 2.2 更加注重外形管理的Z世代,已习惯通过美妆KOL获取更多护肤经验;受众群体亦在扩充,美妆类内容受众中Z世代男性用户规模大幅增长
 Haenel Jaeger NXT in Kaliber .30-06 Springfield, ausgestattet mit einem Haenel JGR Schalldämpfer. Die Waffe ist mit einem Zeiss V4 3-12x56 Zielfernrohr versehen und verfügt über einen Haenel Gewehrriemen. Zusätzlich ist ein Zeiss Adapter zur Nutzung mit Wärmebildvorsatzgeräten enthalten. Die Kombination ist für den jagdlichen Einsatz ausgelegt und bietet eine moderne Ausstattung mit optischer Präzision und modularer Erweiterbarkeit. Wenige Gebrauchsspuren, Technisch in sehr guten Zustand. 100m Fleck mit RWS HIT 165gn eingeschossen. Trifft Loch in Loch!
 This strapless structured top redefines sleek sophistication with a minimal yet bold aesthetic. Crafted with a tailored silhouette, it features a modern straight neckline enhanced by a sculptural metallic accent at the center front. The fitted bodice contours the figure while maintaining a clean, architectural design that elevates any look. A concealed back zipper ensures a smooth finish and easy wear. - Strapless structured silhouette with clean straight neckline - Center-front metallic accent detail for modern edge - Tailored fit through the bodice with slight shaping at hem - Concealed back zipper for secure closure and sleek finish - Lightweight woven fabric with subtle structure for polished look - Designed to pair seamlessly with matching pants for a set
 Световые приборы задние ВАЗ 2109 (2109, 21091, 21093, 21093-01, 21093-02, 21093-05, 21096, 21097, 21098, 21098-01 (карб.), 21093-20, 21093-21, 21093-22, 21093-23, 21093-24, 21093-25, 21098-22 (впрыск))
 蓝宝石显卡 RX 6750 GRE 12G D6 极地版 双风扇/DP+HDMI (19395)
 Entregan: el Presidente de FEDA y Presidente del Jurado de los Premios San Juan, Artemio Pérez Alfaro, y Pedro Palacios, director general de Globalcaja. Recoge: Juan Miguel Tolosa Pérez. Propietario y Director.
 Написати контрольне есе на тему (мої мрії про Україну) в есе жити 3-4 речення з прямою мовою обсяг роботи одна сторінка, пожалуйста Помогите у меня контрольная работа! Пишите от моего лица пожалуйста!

* * *

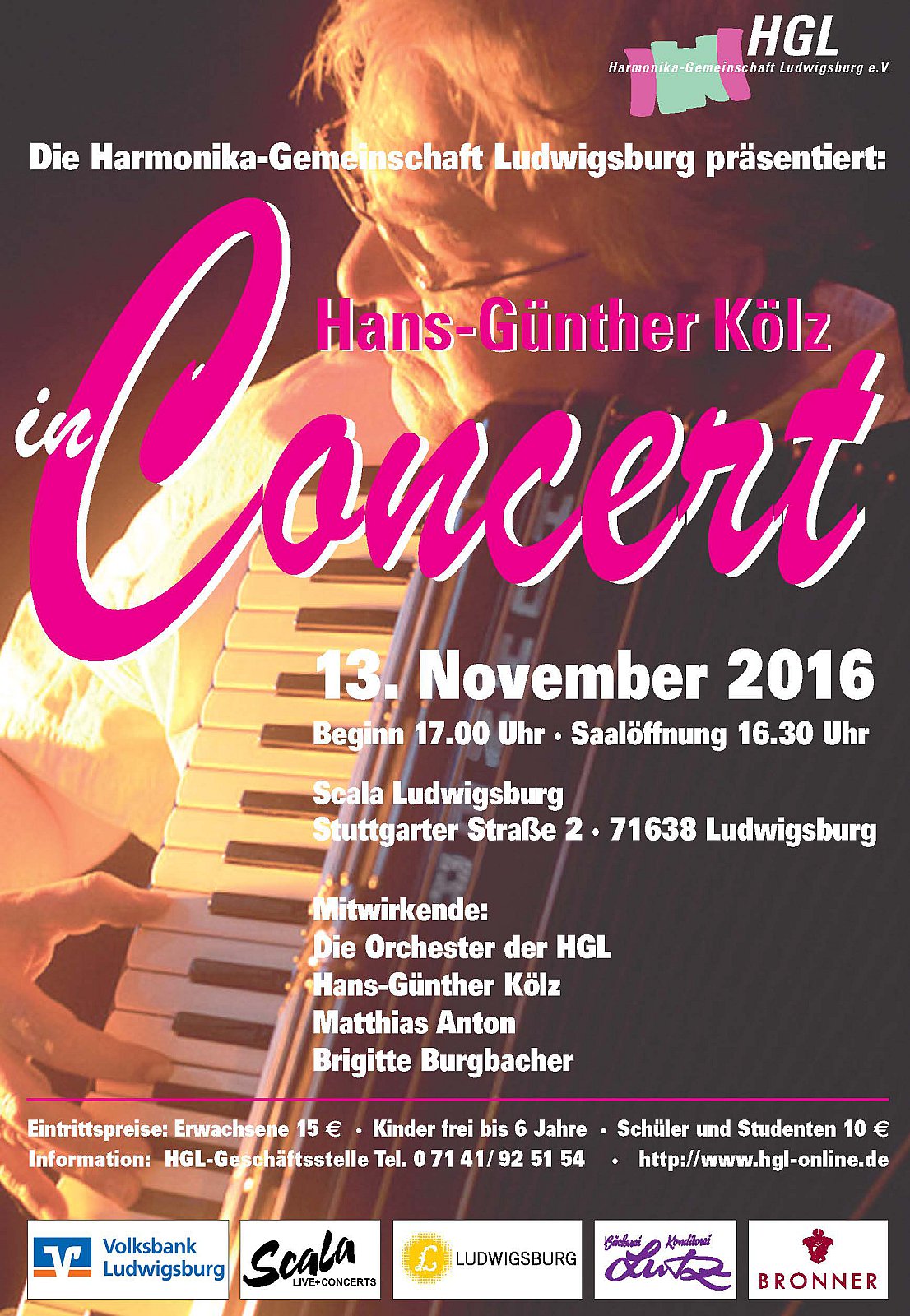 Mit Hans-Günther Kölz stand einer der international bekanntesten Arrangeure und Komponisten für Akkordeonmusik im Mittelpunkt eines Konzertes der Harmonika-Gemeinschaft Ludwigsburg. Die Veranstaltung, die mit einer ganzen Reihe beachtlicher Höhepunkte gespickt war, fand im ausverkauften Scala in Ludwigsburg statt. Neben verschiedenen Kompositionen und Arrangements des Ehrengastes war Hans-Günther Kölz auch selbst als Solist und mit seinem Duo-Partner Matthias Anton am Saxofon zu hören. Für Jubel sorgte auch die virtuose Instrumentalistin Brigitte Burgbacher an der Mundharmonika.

*PROMPT*:
Retype word for word everything in the listing above from the line that holds "Haenel Jaeger NXT" down to the line that holds "蓝宝石显卡 RX 6750". Keep both end lines and leave out the rest.

*RESPONSE TO THIS TASK*:
 Haenel Jaeger NXT in Kaliber .30-06 Springfield, ausgestattet mit einem Haenel JGR Schalldämpfer. Die Waffe ist mit einem Zeiss V4 3-12x56 Zielfernrohr versehen und verfügt über einen Haenel Gewehrriemen. Zusätzlich ist ein Zeiss Adapter zur Nutzung mit Wärmebildvorsatzgeräten enthalten. Die Kombination ist für den jagdlichen Einsatz ausgelegt und bietet eine moderne Ausstattung mit optischer Präzision und modularer Erweiterbarkeit. Wenige Gebrauchsspuren, Technisch in sehr guten Zustand. 100m Fleck mit RWS HIT 165gn eingeschossen. Trifft Loch in Loch!
 This strapless structured top redefines sleek sophistication with a minimal yet bold aesthetic. Crafted with a tailored silhouette, it features a modern straight neckline enhanced by a sculptural metallic accent at the center front. The fitted bodice contours the figure while maintaining a clean, architectural design that elevates any look. A concealed back zipper ensures a smooth finish and easy wear. - Strapless structured silhouette with clean straight neckline - Center-front metallic accent detail for modern edge - Tailored fit through the bodice with slight shaping at hem - Concealed back zipper for secure closure and sleek finish - Lightweight woven fabric with subtle structure for polished look - Designed to pair seamlessly with matching pants for a set
 Световые приборы задние ВАЗ 2109 (2109, 21091, 21093, 21093-01, 21093-02, 21093-05, 21096, 21097, 21098, 21098-01 (карб.), 21093-20, 21093-21, 21093-22, 21093-23, 21093-24, 21093-25, 21098-22 (впрыск))
 蓝宝石显卡 RX 6750 GRE 12G D6 极地版 双风扇/DP+HDMI (19395)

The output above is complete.